Following oral administration, tacrolimus is rapidly absorbed in the duodenum and jejunum, but with a low oral bioavailability and highly variable pharmacokinetics, largely as a result of metabolism in the intestine. Tacrolimus is a substrate for cytochrome P450 (CYP) 3A4 and A5 isoforms, and for P-glycoprotein (Pgp), a multi-drug efflux pump. Both CYP3A isoform enzymes and P-gp exist at high levels in the liver as well as the enterocytes respectively .
Altered bioavailability of orally administered calcineurin inhibitors during episodes of diarrhea noted in a few cases may have multiple causes [12,13]. This may be due to changes in intestinal absorption due to changes in the solubilization or intestinal permeability of drugs, and changes in the liver or mucosal drug metabolism. However, we observed a marked discrepancy between FK506 and CsA that needs further exploration: there was increase in FK506 trough levels, while CsA trough levels decrease. In the gastrointestinal mucosa, CYP3A4 is mainly located at the apex of the villus enterocytes of the proximal small intestine, while P-glycoprotein is maximally expressed in the colon. Whether there is a different affinity for P-glycoprotein than for CYP3A4, or whether gut metabolism is more important for FK506 compared with cyclosporine is unknown at present .

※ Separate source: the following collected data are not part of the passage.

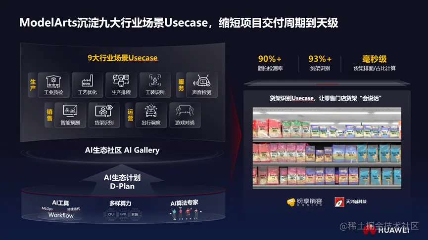 - **在加速AI的行业落地方面,AI Gallery沉淀了9大行业场景Usecase供开发者调用。**包括出行调度、销量预测、生产排程、货架识别、工业质检等,覆盖生产、销售、服务、运营等企业运作全场景。开发者和伙伴,可以在AI Gallery上学习AI、开发AI、分享AI资产,基于AI Usecase进行商业实践。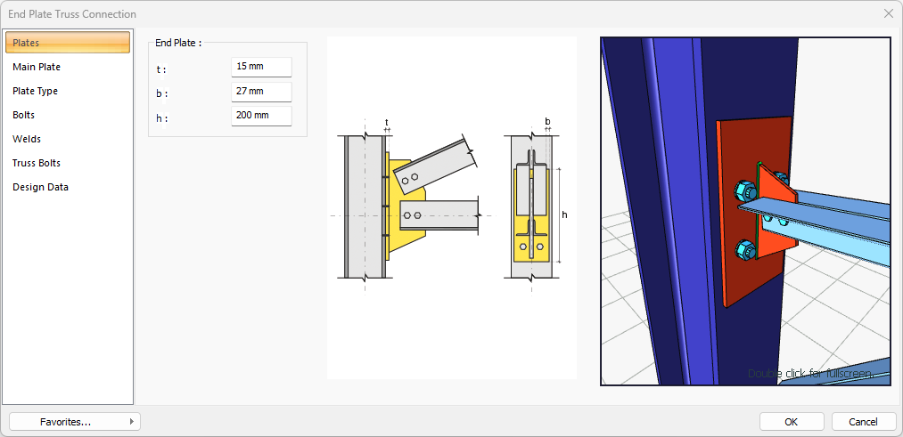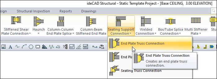 From the connection menu, click on the End Plate Truss Connection row.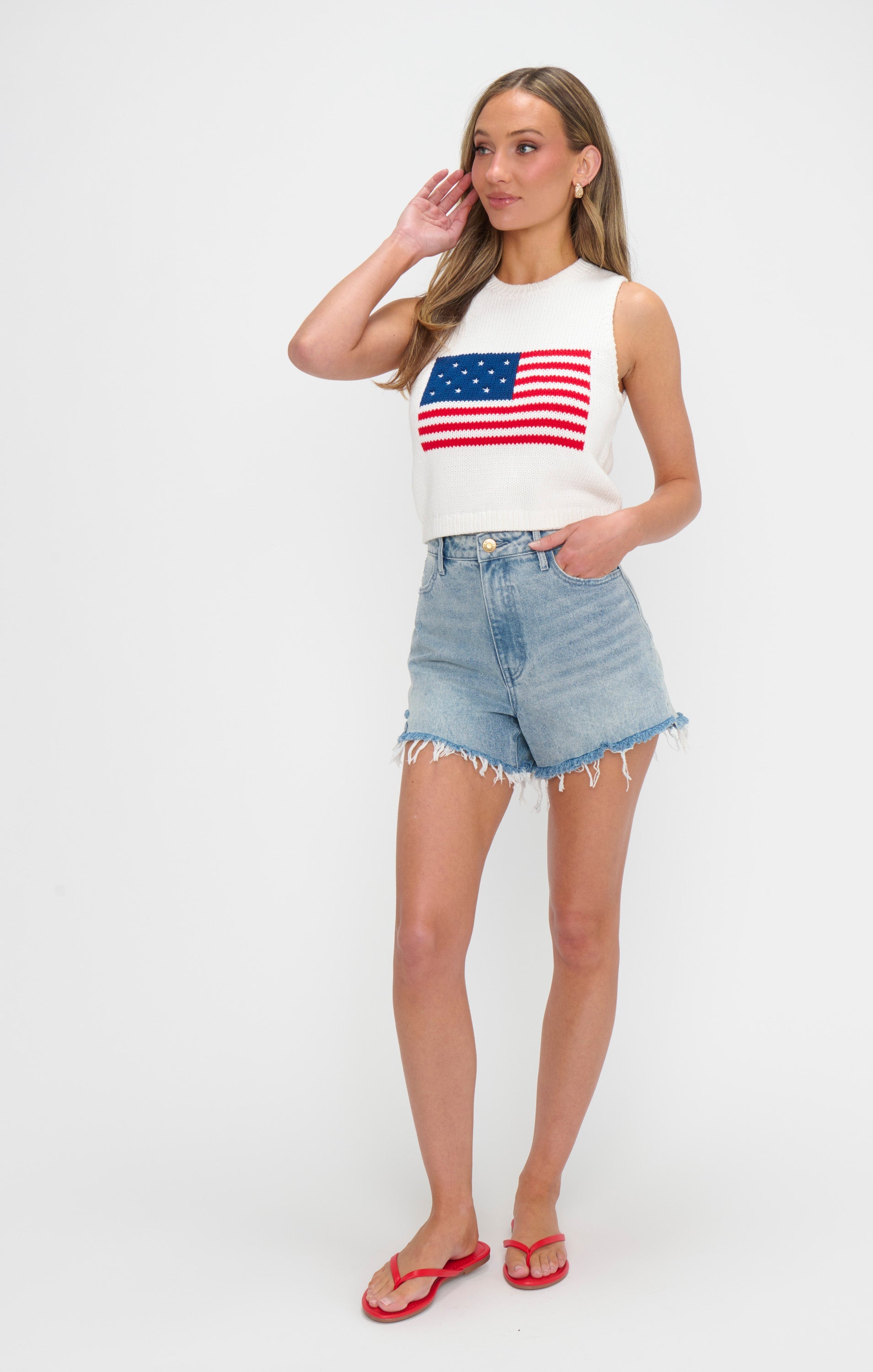 Show off your stars and stripes in this relaxed, ultra-cozy knit top. Perfect for laid-back days by the lake!
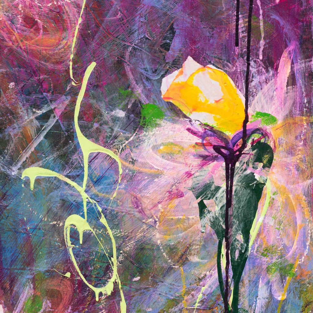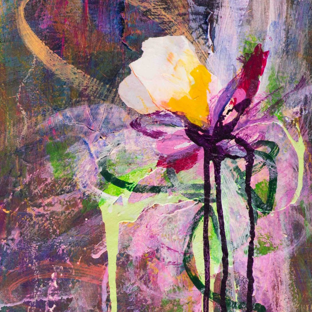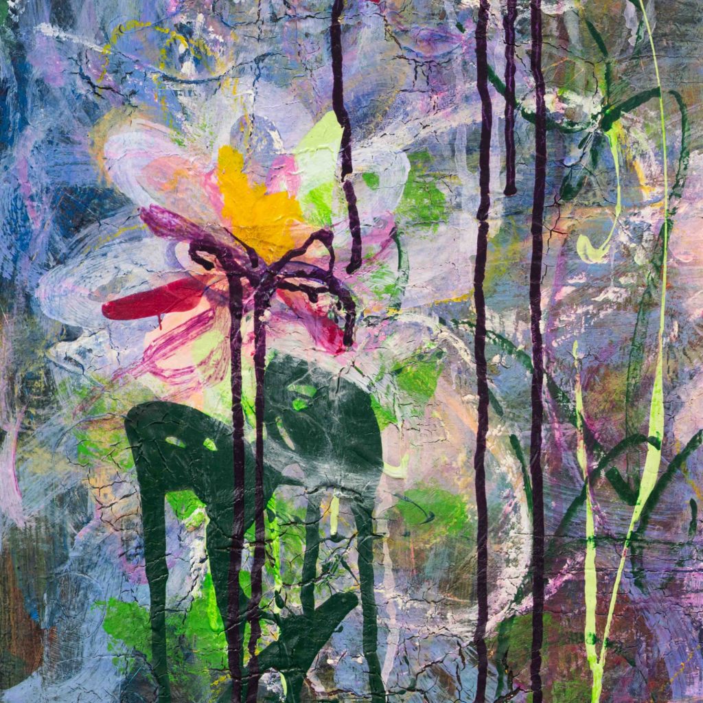 Mixed Media: acrylic, ink, pastels and collage on hand made canvas.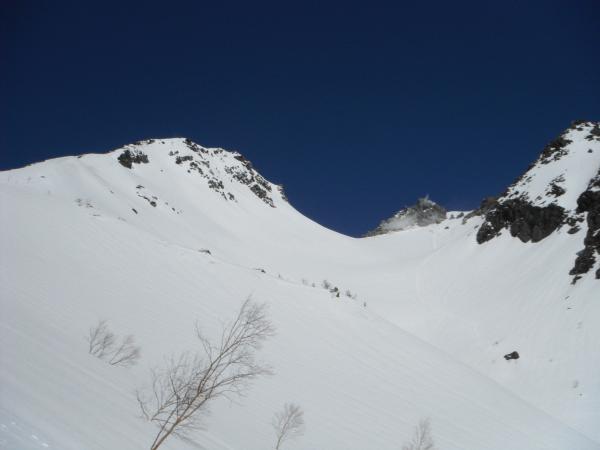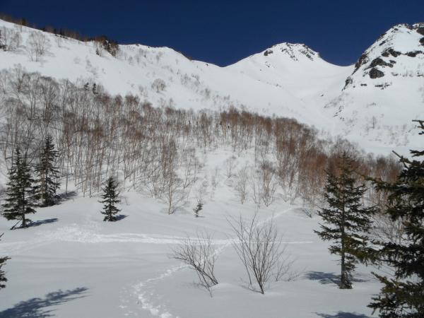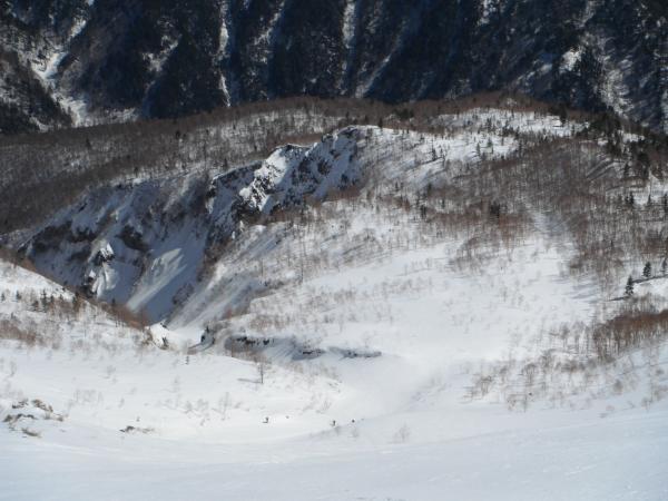 雪崩の可能性が低い尾根上のルートを取りました。右岸尾根下部の急登は心が折れそうになりました。樹林帯を抜けて突如現れる焼岳の噴煙と直下の大カール斜面は迫力満点でした。次回は是非そちらを滑りたいです。

Celiac disease (CD) is an uncommon cause of diarrhea after transplantation and there are few case reports of CD developing de novo after kidney transplantation. Celiac disease (CD) is an immunemediated enteropathy caused by exposure to gluten, which is found mainly in wheat, rye, barley, and that affects genetically susceptible people. Celiac disease is characterized by villous atrophy, intraepithelial lymphocytosis and crypt hyperplasia . To the gastrointestinal mucosa, CYP3A4 is primarily on top of the villus enterocytes of the proximal small intestine.

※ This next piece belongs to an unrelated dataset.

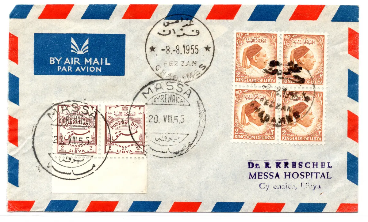 Umschlag - - - Unabhängiges Libyen - König Idris 2 m. Ocker Nr. 34 Viertel auf Umschlag von Ghadames Fezzan am 8.8.55 für Steuermasse, die am 20.8.55 eintrifft, mit Steuermarkenpaar 2 m. Braun Nr. 1 - Rückseite Ann. aus Bengasi, Massa und Tripolis - Selten, obwohl als philatelistische Verwendung zu betrachten Cod. 2549/WEB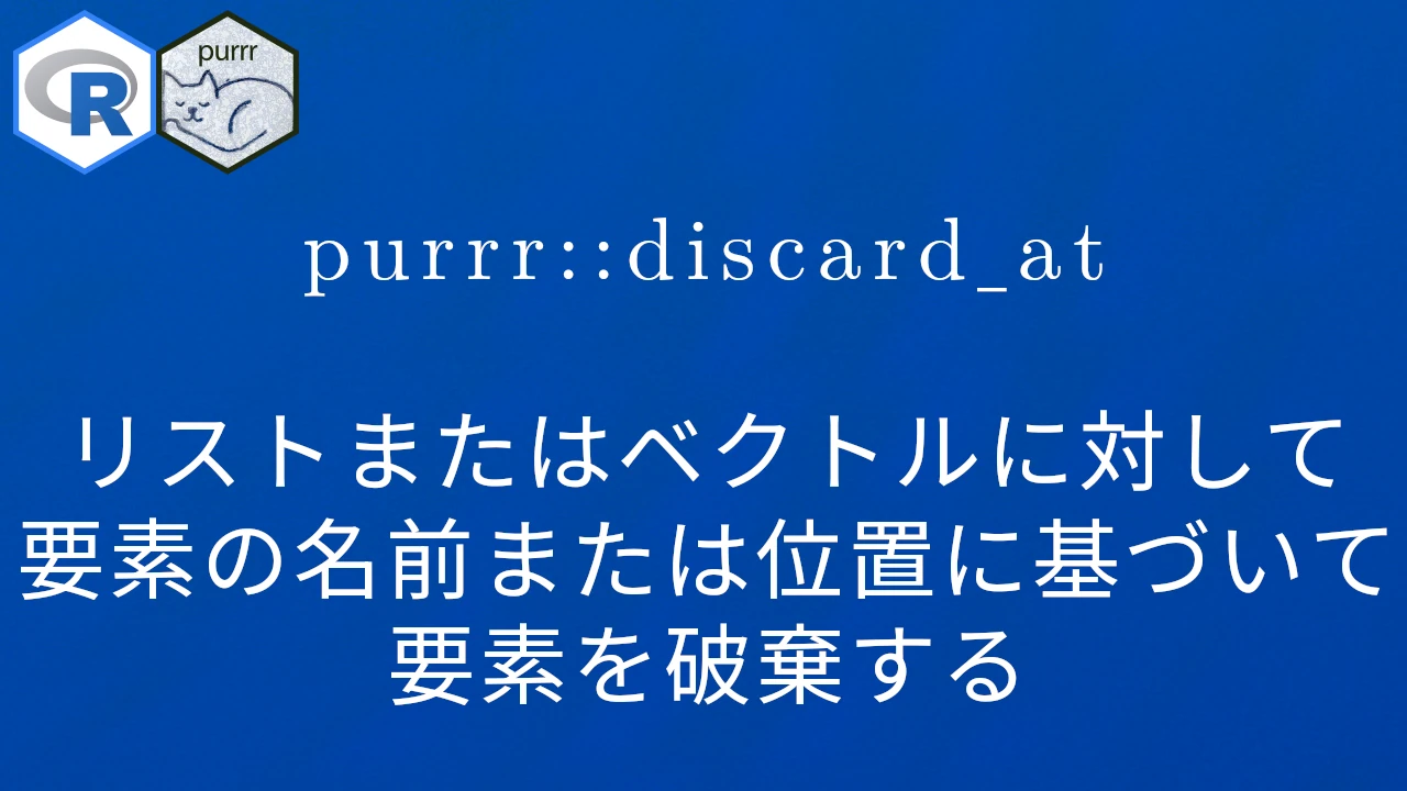discard_at()は、リストまたはベクトルに対して要素の名前または位置に基づいて要素を破棄するための関数です。

Clinical manifestations of CD in adults are highly variable, including intestinal and extra-intestinal symptoms. In a retrospective analysis of adult CD, weight loss was the clinical presentation in 22% of the patients . In another study, weight loss was present in 69% .
Only one case of celiac disease management has been reported as a cause of weight loss after renal transplantation recipients  and the diagnosis of CD was confirmed with moderate-to-severe mucosal changes in the intestinal mucosa and positivity of the genetic test, HLA-DQ8. However, serologic markers of CD were negative perhaps because of immunosuppressive treatment which may have impaired the ability to produce antibodies and when the patient was put on a gluten-free diet, she gained weight. In our case, the main symptoms were diarrhea and weight loss, serologic markers of CD were positive despite immunosuppressive treatment. The symptomatology (diarrhea and weight loss) was not stopped after gluten-free diet but only when tacrolimus was converted to cyclosporine A the diarrhea disappeared and we note an increasing of the weight.

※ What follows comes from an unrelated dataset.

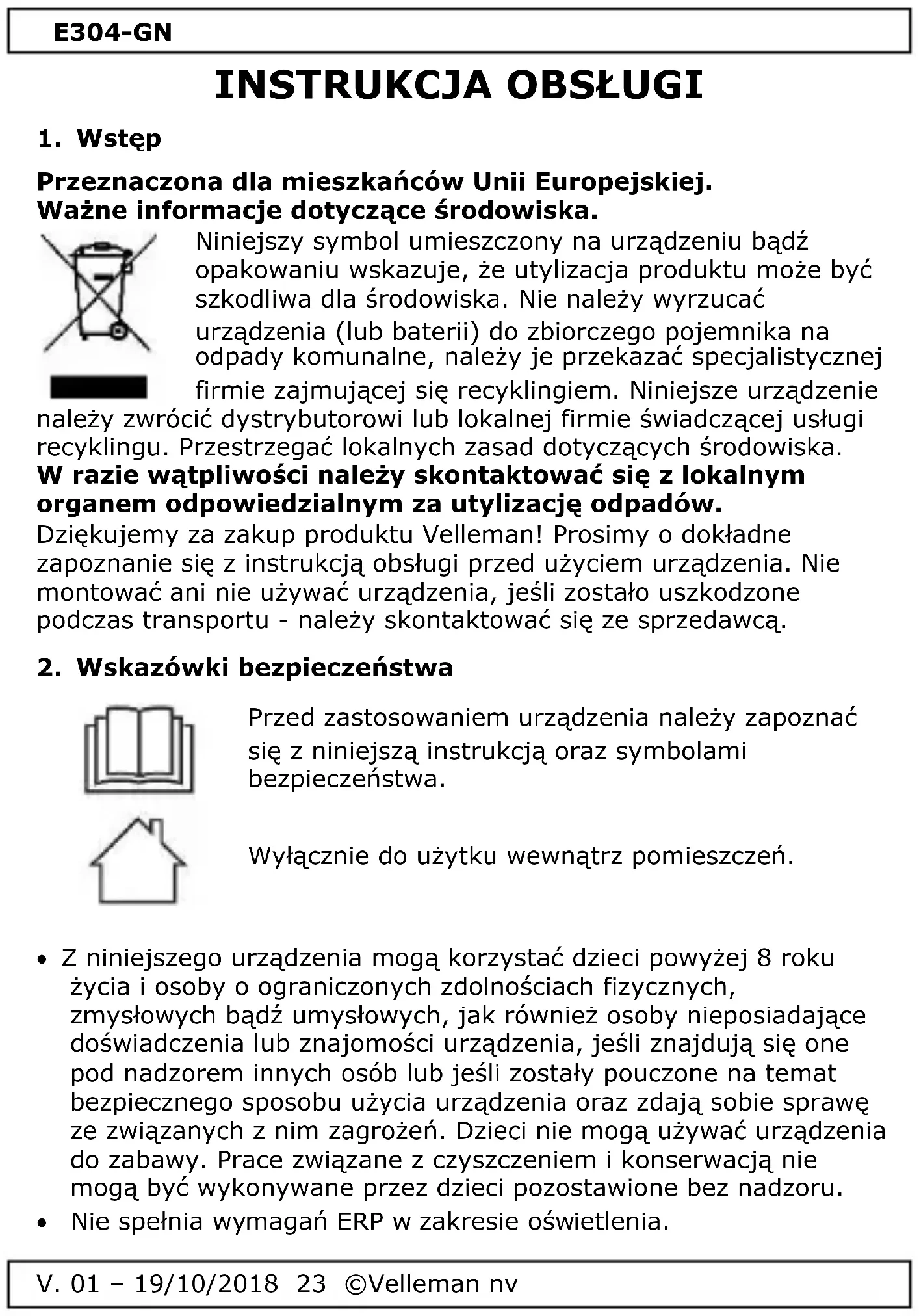 Przeznaczona dla mieszkańców Unii Europejskiej. Ważne informacje dotyczące środowiska. Niniejszy symbol umieszczony na urządzeniu bądź opakowaniu wskazuje, że utylizacja produktu może być szkodliwa dla środowiska. Nie należy wyrzucać urządzenia (lub baterii) do zbiorczego pojemnika na odpady komunalne, należy je przekazać specjalistycznej firmie zajmującej się recyklingiem. Niniejsze urządzenie należy zwrócić dystrybutorowi lub lokalnej firmie świadczącej usługi recyklingu. Przestrzegać lokalnych zasad dotyczących środowiska. W razie wątpliwości należy skontaktować się z lokalnym organem odpowiedzialnym za utylizację odpadów. Dziękujemy za zakup produktu Velleman! Prosimy o dokładne zapoznanie się z instrukcją obsługi przed użyciem urządzenia. Nie montować ani nie używać urządzenia, jeśli zostało uszkodzone podczas transportu - należy skontaktować się ze sprzedawcą.

Further study Farina et al.  is the first to report 18 cases of celiac disease after transplantation. These patients responded to gluten-free diet. Although tests for tissue transglutaminase antibody and deamidated gliadin peptide antibody were not conducted before transplant, all of the study patients were asymptomatic. Our case is the first to report that tacrolimus could be cause of celiac disease after renal transplantation.
Through our observation, we can suggest that in case of unexplained diarrhea in a renal transplant, a celiac disease should be evoked and specific antibodies applied; these antibodies could be induced by Tacrolimus.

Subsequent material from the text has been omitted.